In 2017, Hawaii lawmakers approved at the full Senate and full House an exemption for cryptocurrency from the state’s Money Transmitters Act, but the exemption was deleted in conference committee before the bill was enacted.
Commissioner Ikeda stated at the time that lawmakers should first study the issue via a “Decentralized Virtual Currency Working Group”:
“DFI believes that the most prudent approach would be to allow the DVC Working Group the opportunity to perform its review and to provide the Legislature with findings and recommendations prior to the creation of an exemption for decentralized virtual currency.”
Now that the issue has been studied via the Digital Currency Innovation Lab, it is the perfect time to exempt cryptocurrency from the state’s Money Transmitters Act, as has been done in 20 other states.
SB3025 SD2 would cement into place some of the most burdensome cryptocurrency regulations in the nation, in addition to causing confusion and overly broad powers to the commissioner.
If the members of the two committees considering this bill are committed to using it as the vehicle to help Hawaii participate more fully in the worldwide cryptocurrency market, the Grassroot Institute of Hawaii recommends that all the burdensome aspects of the bill — such as the nearly unlimited power of the commissioner to rewrite the law, dubious surveillance requirements and high fees — be deleted. This bill also needs to be written more plainly to prevent needless confusion.
For the record, we believe a much better option would be for the Legislature to support an approach that would simply exempt cryptocurrency from Hawaii’s money-transmitter law and truly open the door to cryptocurrency exchange companies in Hawaii.
Thank you for the opportunity to submit our comments.
Director of Strategic Campaigns
Grassroot Institute of Hawaii
 “CSBS Model Money Transmission Modernization Act,” Conference of State Banking Supervisors, Jan. 6, 2022. See also, “CSBS Uniform Money Transmission Modernization Act,” Conference of State Banking Supervisors, August 2021, pp. 45-52.
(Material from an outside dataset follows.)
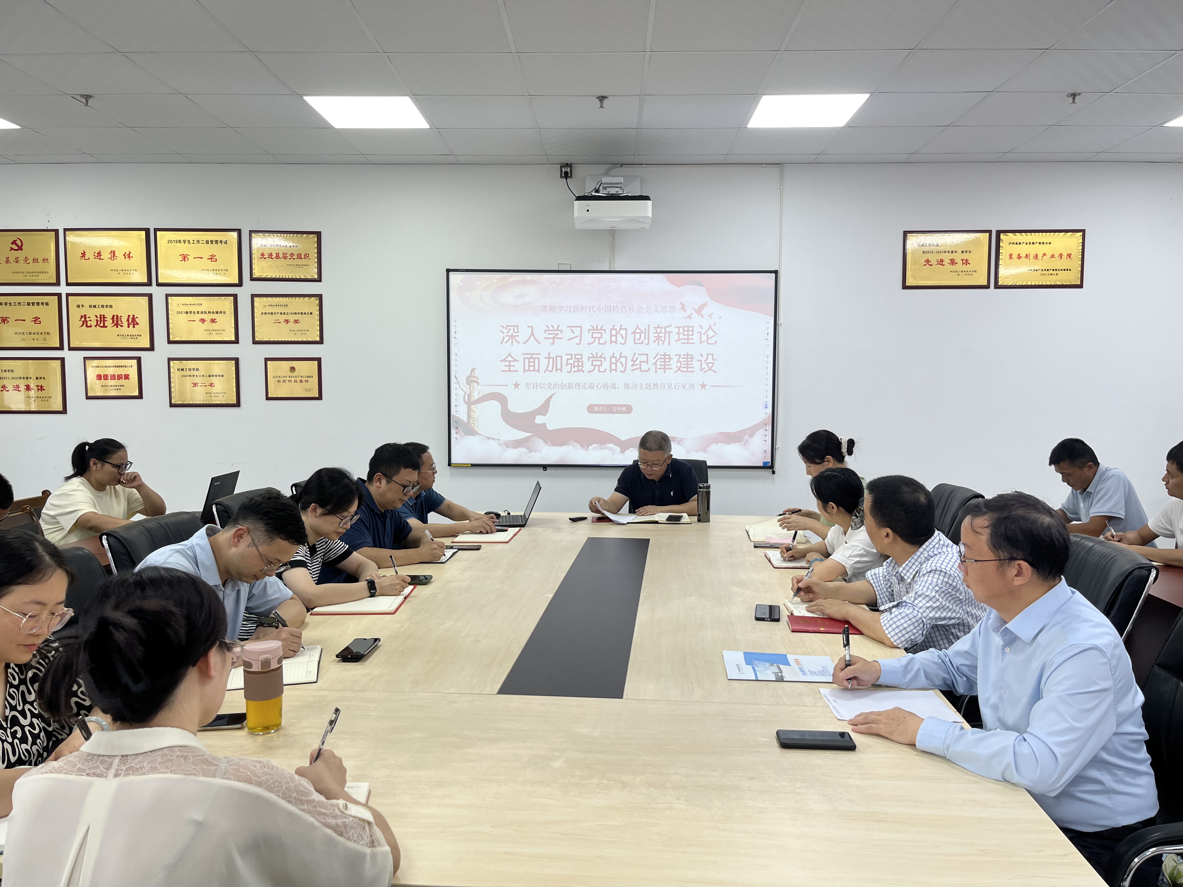 6月26日下午,学校党委副书记、院长文申柳在综合办公楼113室以“深入学习党的创新理论 全面加强党的纪律建设”为题,为机械工程学院党总支、数字经济学院党总支全体教师党员讲授专题(纪律)党课。

 William Hinman, “Digital Asset Transactions: When Howey Met Gary (Plastic),” U.S. Securities and Exchange Commission, June 14, 2018. See also, “SEC Declares Bitcoin and Ether as Non-Securities,” Cassels, June 26, 2018.
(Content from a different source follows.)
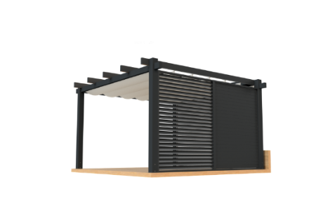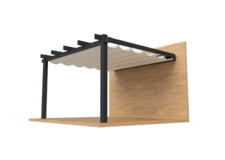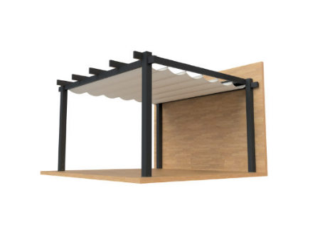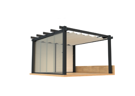 Het dak is gemaakt van een uiterst robuust weer-, en waterbesteding doek, dat zich elektrische of handmatig laat uitvouwen tot een mooi gedrapeerd zonnescherm.

 Chris Matthews, “SEC’s Gensler won’t say whether ether is a security, amid crypto market slide,” MarketWatch, Jan. 11, 2022.
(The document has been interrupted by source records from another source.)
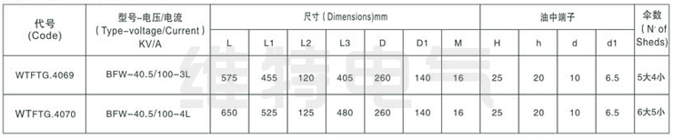 B-變壓器用;D-單體瓷絕緣;F-復合瓷絕緣;J-有附加絕緣:W-防污;L-穿纜(或可裝電流互感器),套管型號中“廣前 的數(shù)字表示額定電壓(KV ) 后的數(shù)字表示額定電流(A)。
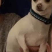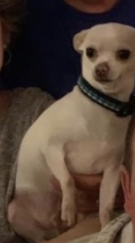 Small, white, squinty-eyed, short-haired chihuahua.
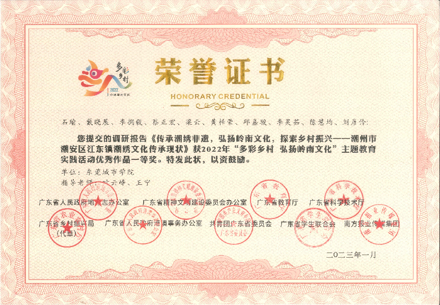 近日传来喜讯!在2022年,由广东省人民政府地方志办公室、广东省精神文明建设委员会办公室、广东省教育厅、广东省科学技术厅、广东省乡村振兴局、广东省人民政府港澳事务办公室、共青团广东省委员会广东省学生联合会、南方报业传媒集团联合组织开展的 2022年“多彩乡村 弘扬岭南文化”主题教育实践活动中,Beat365获得一等奖1项,二等奖1项,三等奖2项,优秀奖1项,并获优秀组织单位。

 Sebastian Sinclair, “Russia Moves to Recognize Crypto as a Form of Currency,” Blockworks, Feb. 9, 2022.
 “Best Non-Custodial Crypto Exchanges to Use in 2022,” Bitcoinist, December 2021.
 Peter Boylan, “Cyberattacks hit at least 3 Hawaii government systems in past week,” Honolulu Star-Advertiser, Dec. 14, 2021. Sam Spangler, “Hawaiian Electric attacked daily by hackers as White House warns of ransomware,” KHON2, June 8, 2021.
 Iris Ikeda, Commissioner of the Division of Financial Institutions, “Testimony on SB949, HD1, SD1,” Hawaii State Legislature, March 31, 2017. See also, “Conference Committee Rep. No. 78,” Hawaii State Legislature, April 27, 2017.
 States that do not require a money-transmitter license for virtual currency transactions include Arizona, Arkansas, California, Colorado, Idaho, Illinois, Kansas, Maryland, Massachusetts, Michigan, Montana, New Hampshire, New Jersey, North Dakota, Oklahoma, Pennsylvania, Tennessee, Texas, Virginia and Wisconsin. See “Cryptocurrency laws by state,” Shipkevich Attorneys at Law, 2020.